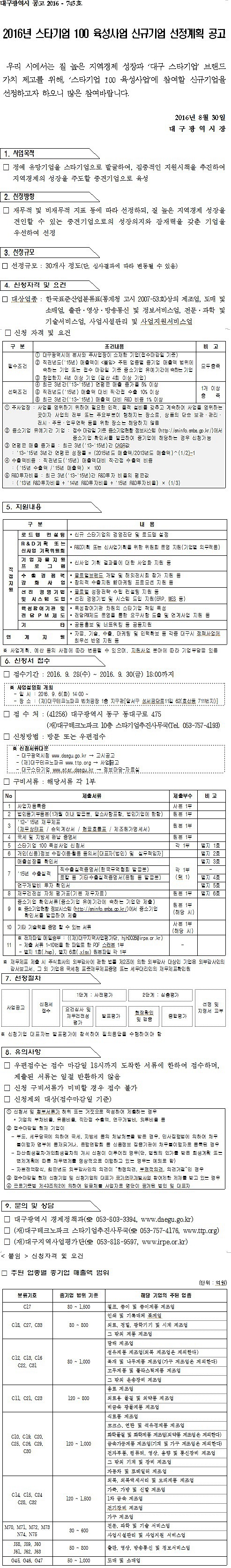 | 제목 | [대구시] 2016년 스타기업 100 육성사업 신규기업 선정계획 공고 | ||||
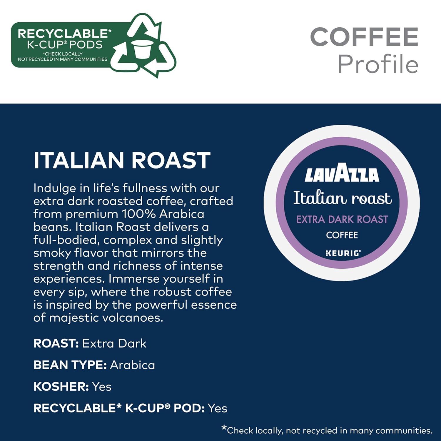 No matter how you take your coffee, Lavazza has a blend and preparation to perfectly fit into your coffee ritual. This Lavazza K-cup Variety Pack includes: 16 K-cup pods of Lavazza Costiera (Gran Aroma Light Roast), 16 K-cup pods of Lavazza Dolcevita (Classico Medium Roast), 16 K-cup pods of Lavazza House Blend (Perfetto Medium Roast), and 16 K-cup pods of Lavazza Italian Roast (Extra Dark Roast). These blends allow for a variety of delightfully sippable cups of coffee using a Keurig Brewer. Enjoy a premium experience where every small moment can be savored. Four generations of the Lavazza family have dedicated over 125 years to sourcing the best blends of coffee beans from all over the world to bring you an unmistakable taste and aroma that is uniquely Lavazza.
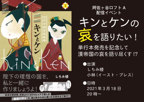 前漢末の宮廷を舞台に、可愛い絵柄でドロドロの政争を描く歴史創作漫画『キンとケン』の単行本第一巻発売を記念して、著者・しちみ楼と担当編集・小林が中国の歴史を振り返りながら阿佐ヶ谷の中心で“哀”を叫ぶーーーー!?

== == ==

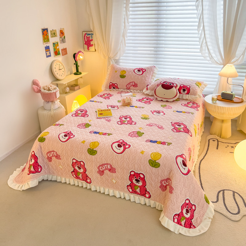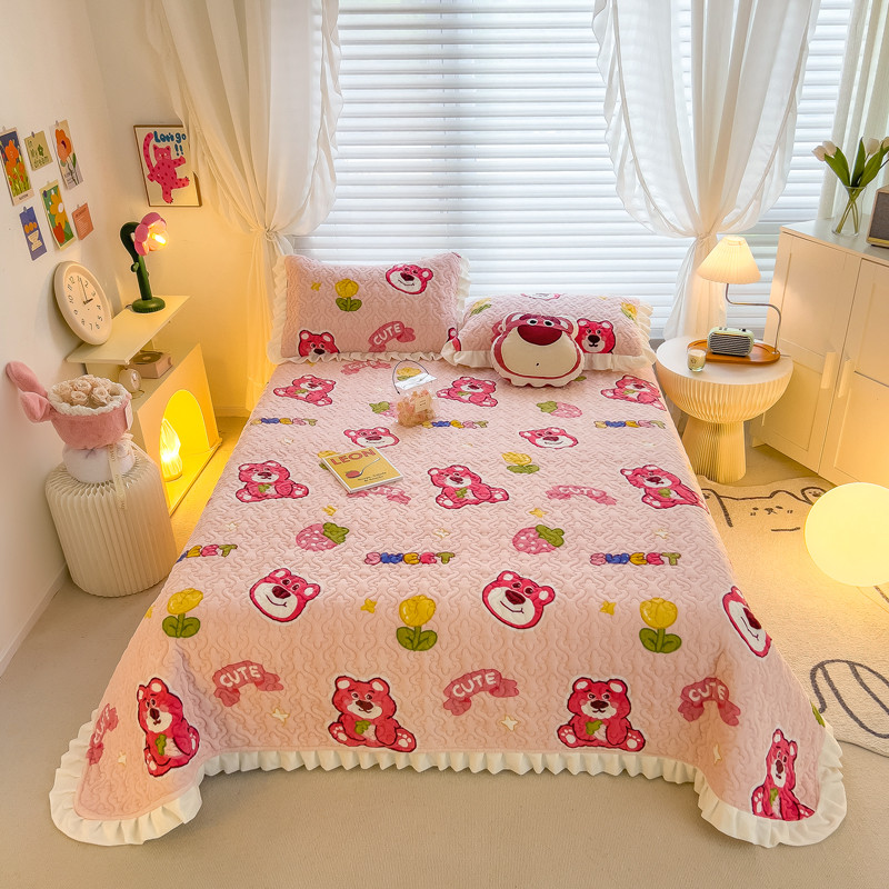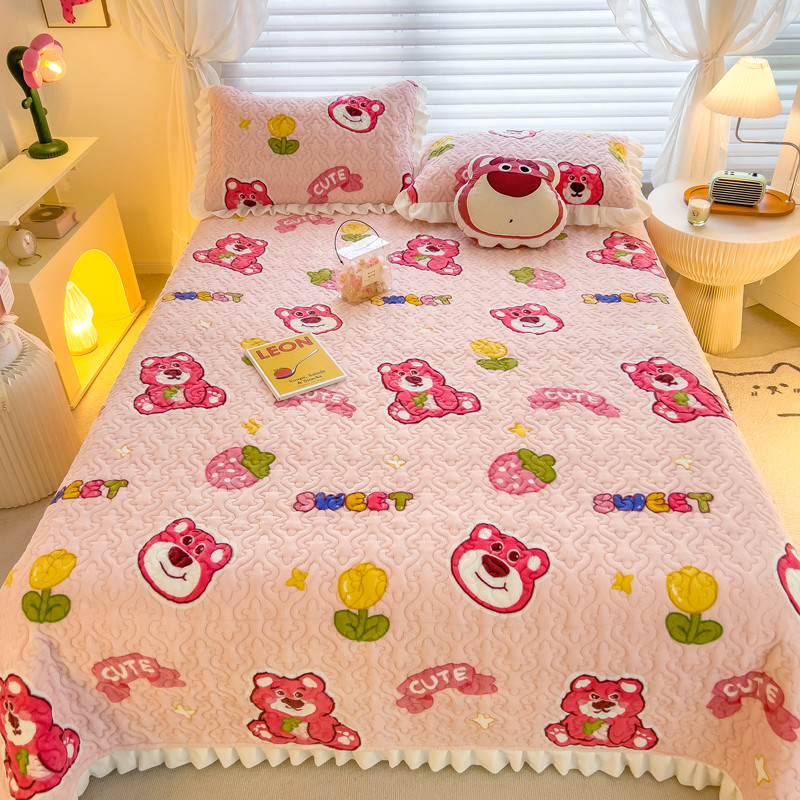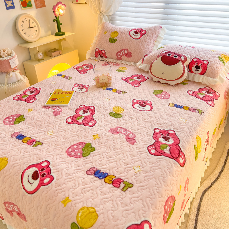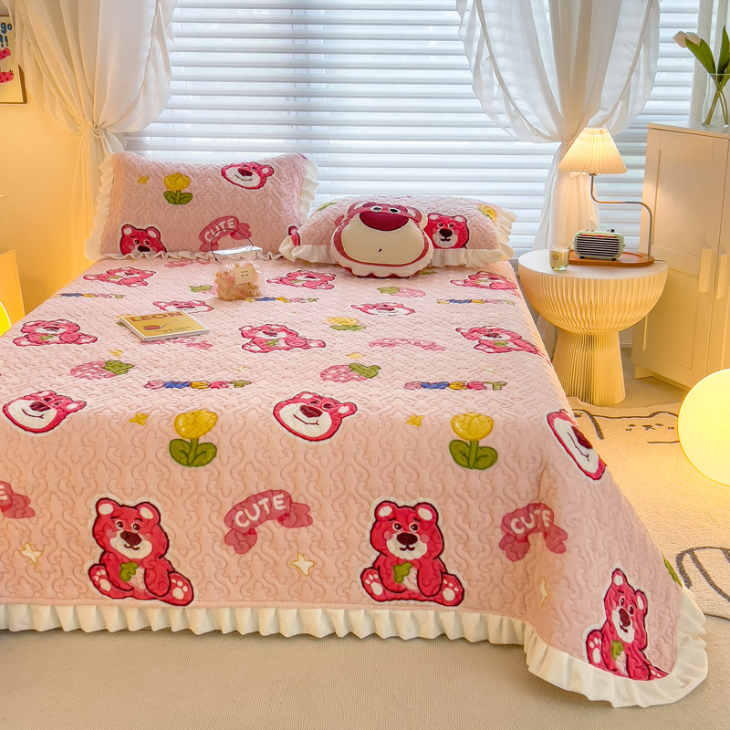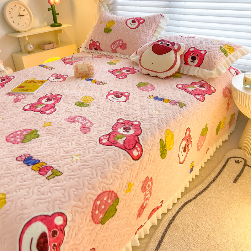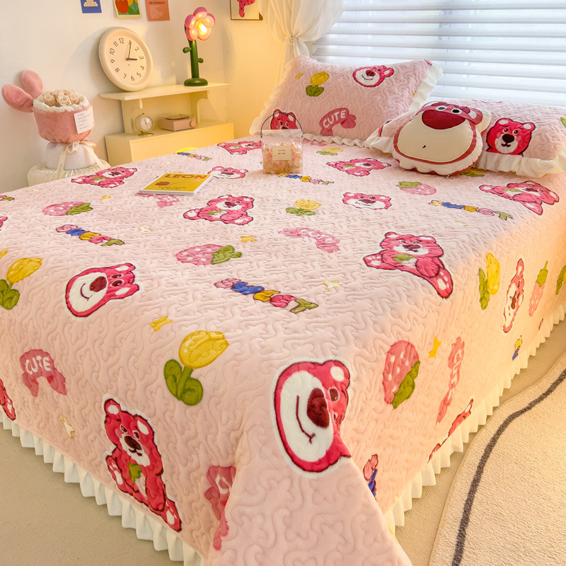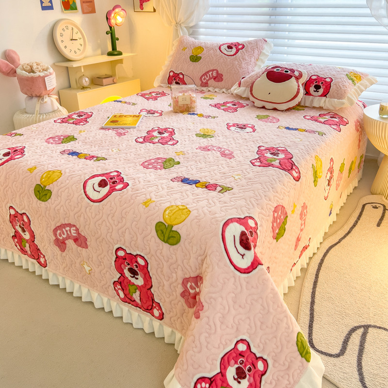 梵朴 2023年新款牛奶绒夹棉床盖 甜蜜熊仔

== == ==

#### REQUIREMENT
In the data above, find the line containing "선정계획 공고 | ||||" and the line containing "前漢末の宮廷を舞台に、可愛い". Copy exactly the stretch from the first through the second, both included, leaving out any picture.

#### SOLVED PROBLEM
 | 제목 | [대구시] 2016년 스타기업 100 육성사업 신규기업 선정계획 공고 | ||||
 No matter how you take your coffee, Lavazza has a blend and preparation to perfectly fit into your coffee ritual. This Lavazza K-cup Variety Pack includes: 16 K-cup pods of Lavazza Costiera (Gran Aroma Light Roast), 16 K-cup pods of Lavazza Dolcevita (Classico Medium Roast), 16 K-cup pods of Lavazza House Blend (Perfetto Medium Roast), and 16 K-cup pods of Lavazza Italian Roast (Extra Dark Roast). These blends allow for a variety of delightfully sippable cups of coffee using a Keurig Brewer. Enjoy a premium experience where every small moment can be savored. Four generations of the Lavazza family have dedicated over 125 years to sourcing the best blends of coffee beans from all over the world to bring you an unmistakable taste and aroma that is uniquely Lavazza.
 前漢末の宮廷を舞台に、可愛い絵柄でドロドロの政争を描く歴史創作漫画『キンとケン』の単行本第一巻発売を記念して、著者・しちみ楼と担当編集・小林が中国の歴史を振り返りながら阿佐ヶ谷の中心で“哀”を叫ぶーーーー!?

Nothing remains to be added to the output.